The issue is that being a Dragonball character doesn't scale up as high as some things in the setting go. To give a concrete example: Celebi has gone backwards in time and destroyed the town that you would eventually be born in. Which means that you have to solve problems in the past or you'll retroactively cease to have ever existed. That's a real adventure that actually happened and there is obviously no means of the Karate Kid's core ability set to interact with that whether they are powerful enough to shoot Aura Spheres or not.
As long as we confine ourselves to basic dungeon delve adventures where we go through ruins and Team Skull bases to fight monsters and rival Pokémasters, then making various Elothar classes is just a math problem. Some classes can be more or less competent as a
character and compensate by having a less or more competent Pokémon squad. Once we get out of that comfort zone, we get scenarios where the required ability sets are more specific and characters won't necessarily be balanceable by getting a bigger attack or having a better Pokémon.
And that doesn't just have to be Deoxys style universe shifting or Celebi style time travel. It could also just be social adventures. If you need to do ballroom dancing or some fucking thing, it's not going to matter whether you have Wailord or whatever, you need to be able to wear a sequined dress and fucking
dance. The fact that a lot of the character concepts are like fourteen years old means that they simply aren't allowed into some adventuring locations whether they can create Hyperbeams or not.
I'm honestly starting to think that nearly every class should make you start off with a Pokemon that's appropriate for the class. Maybe you pick from a list, or there are some guidelines you follow, but that seems like an obvious solution.
Well yes. If you're a Bird Keeper, you have Flying Pokémon. You have to or it's a violation of your character concept. If someone asks to play a Bird Keeper they not only need to have a starting Pidgey, but you also enter a social contract that they
will have a Mandibuzz or Braviary at some time in the future. Because if they were to end up with a Croconaw or something instead
they wouldn't be a Bird Keeper anymore.
I'm curious, though: Do you think Detective and Cop should be different classes?
That's a complex question, and the answer depends on how many classes you end up with.
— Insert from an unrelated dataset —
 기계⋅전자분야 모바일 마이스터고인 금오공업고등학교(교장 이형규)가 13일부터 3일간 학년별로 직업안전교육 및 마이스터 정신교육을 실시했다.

The fact that Detective Tim and Officer Jenny are major characters from major properties seen by millions of people means that you're going to want to support both characters. You
could make a single class that does both things.
Personally, I'd probably do them as separate characters, because that gives you a place to rant about the Detective games and movie separately from the Officer Jenny rant. And some of the Officer Jenny stuff is remarkably specific and weird. Did you know that one of the available advancement options is "Penal Legion Fire Captain?" That's when an Officer Jenny gets the services of a small army of ex-con Water Type Pokémon who form a paramilitary unit that fights fires. That has happened at least three times for different Officer Jennies, so it's not a weird one-off, it's a normal Officer Jenny advancement option.